A criminal court in Thailand on Thursday convicted two members of the pro-government People's Alliance for Democracy Network [BBC backgrounder], known as "yellow shirts," of defaming former prime minister Thaksin Shinawatra [BBC profile; JURIST news archive]. Yellow shirt movement founder and Thai media mogul Sondhi Limthongkul and his former television co-host Sarocha Pornudomsak were convicted [AFP report] of defaming Thaksin during their television show by accusing him of insulting the monarchy. The two were sentenced [Thai News Agency report] to six months in prison and ordered to pay fines of 20,000 baht (USD $640).
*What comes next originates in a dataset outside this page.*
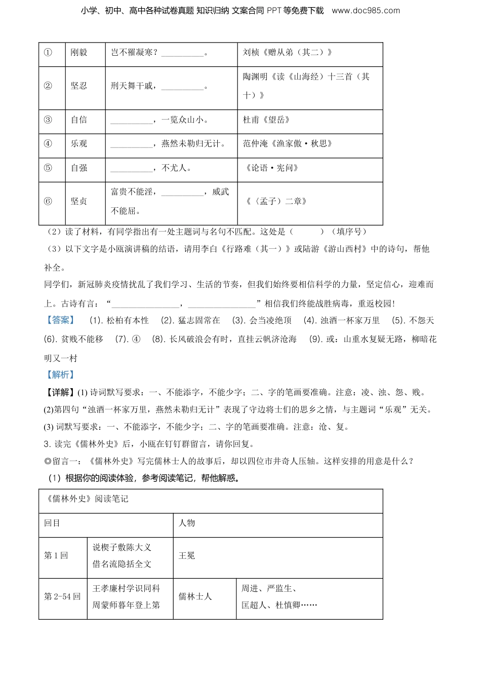 小学、初中、高中各种试卷真题知识归纳文案合同PPT等免费下载www.doc985.com2020年浙江省温州市中考试题语文一、重温线上学习(21分)1.“”“”汉字偏旁探源活动中,老师在钉钉群家校本发布了任务单,请你完成。“汉字偏旁探源”任务单偏旁汉字成语/名句(1)_______人迹~至罗(3)_______(2)_______学而不思则~◎我的发现:通过“汉字”栏的篆文字形,我明白了“”“”“”是汉字“(4)____”作偏旁时的不同形式。【答案】(1).罕(2).天罗地网(门可罗雀、星罗棋布等)(3).罔(4).网【解析】【详解】(1)根据后面的成语“人迹~至”可知这个字是“罕”。人迹罕至:人的足迹很少到达;指荒凉偏僻的地方。(2)含有“罗”字的成语有:星罗棋布、门可罗雀、包罗万象、自投罗网、天罗地网、万象森罗、罗钳吉网、星罗云布、罗织罪名等。(3)根据后面的名句“学而不思则~”可知这个字是“罔”。学而不思则罔:只是学习却不思考就会迷惑而无所得。(4)根据“汉字”一项中的三个汉字的篆文字形可知,这三个字的偏旁都是一个“网”字。2.在撰写题为《迎难而上共克时艰》的演讲稿时,小瓯想引用古诗文名句来丰富内容。他将整理的材料发到钉钉群,请你参与交流。(1)根据积累,帮他补全古诗文名句。序号主题词古诗文名句出处小学、初中、高中各种试卷真题知识归纳文案合同PPT等免费下载www.doc985.com①刚毅岂不罹凝寒?__________。刘桢《赠从弟(其二)》②坚忍刑天舞干戚,__________。陶渊明《读《山海经)十三首(其十)》③自信__________,一览众山小。杜甫《望岳》④乐观__________,燕然未勒归无计。范仲淹《渔家傲·秋思》⑤自强__________,不尤人。《论语·宪问》⑥坚贞富贵不能淫,__________,威武不能屈。《〈孟子)二章》(2)读了材料,有同学指出有一处主题词与名句不匹配。这处是()(填序号)(3)以下文字是小瓯演讲稿的结语,请用李白《行路难(其一)》或陆游《游山西村》中的诗句,帮他补全。同学们,新冠肺炎疫情扰乱了我们学习、生活的节奏,但我们始终要相信科学的力量,坚定信心,迎难而上。古诗有言:“________________,________________”相信我们终能战胜病毒,重返校园!【答案】(1).松柏有本性(2).猛志固常在(3).会当凌绝顶(4).浊酒一杯家万里(5).不怨天(6).贫贱不能移(7).④(8).长风破浪会有时,直挂云帆济沧海(9).或:山重水复疑无路,柳暗花明又一村【解析】【详解】(1)诗词默写要求:一、不能添字,不能少字;二、字的笔画要准确。注意:凌、浊、怨、贱。(2)第四句“浊酒一杯家万里,燕然未勒归无计”表现了守边将士们的思乡之情,与主题词“乐观”无关。(3)词默写要求:一、不能添字,不能少字;二、字的笔画要准确。注意:沧、复。3.读完《儒林外史》后,小瓯在钉钉群留言,请你回复。◎留言一:《儒林外史》写完儒林士人的故事后,却以四位市井奇人压轴。这样安排的用意是什么?(1)根据你的阅读体验,参考阅读笔记,帮他解惑。《儒林外史》阅读笔记回目人物第1回说楔子敷陈大义借名流隐括全文王冕第2-54回王孝廉村学识同科周蒙师暮年登上第儒林士人周进、严监生、匡超人、杜慎卿……小学、初中、高中各种试卷真题知识归纳文案合同PPT等免费下载www.doc985.com……第55-56回添四客述往思来弹一曲高山流水……市井奇人季遐年、王太、盖宽、荆元◎留言二:我还想读一本塑造病态读书人群像的讽刺小说,小伙伴们有推荐吗?(2)下列作品中,你认为最适合推荐的是()A.《世说新语》B.《镜花缘》C.《围城》D.《格列佛游记》【答案】(1)小说主体部分通过展现功名利禄对周进、匡超人等读书人灵魂的毒害,批判了荒谬举制度。在他们之后,作者以四位各怀才艺、淡泊名利的市井奇人作为压轴人物,与儒林鲜明对比,寄托了作者对理想社会的追求。这组人物与楔子中品行高洁的王冕呼应,更加突显了作者的这一追求。(2)C【解析】【详解】(1)周进是作者着力塑造的年纪老大而没有考中科举的可怜虫,是个腐儒的典型,在中举之前很穷困的,受尽别人的白眼和嘲讽。周进所受的种种屈辱做铺垫,揭示了其久不得志的心境,醉心功名而功名无望。匡超人本是一个淳朴的...

The court suspended the sentence for two years, during which time both Sondi and Sarocha will be on probation. Thaksin filed the suit [JURIST report] against Sondhi and several others for their claims that he tried to undermine the monarchy.

Thaksin, who is currently living in exile, has faced a variety of legal issues since the 2006 coup [JURIST report] that removed him from power. Last month, the Supreme Court of Thailand [GlobaLex backgrounder] denied his appeal [JURIST report] contesting the seizure of his assets. Thaksin filed the appeal in March after the Constitutional Court ordered that 46.4 billion baht (USD $1.4 billion) of his fortune be seized [JURIST reports] in February. In July, the criminal division of Supreme Court issued a new arrest warrant [JURIST report] against him. Also in July, Thai police recommended terrorism charges [DPA report] against Thaksin and 24 others for their alleged involvement in the recent political violence [JURIST news archive] in Bangkok. Thaksin is considered the figurehead of the pro-democracy protesters known as the "red shirts," who protested against Thailand's current government and called for elections. The protests ended in May after protesters surrendered to police [JURIST report].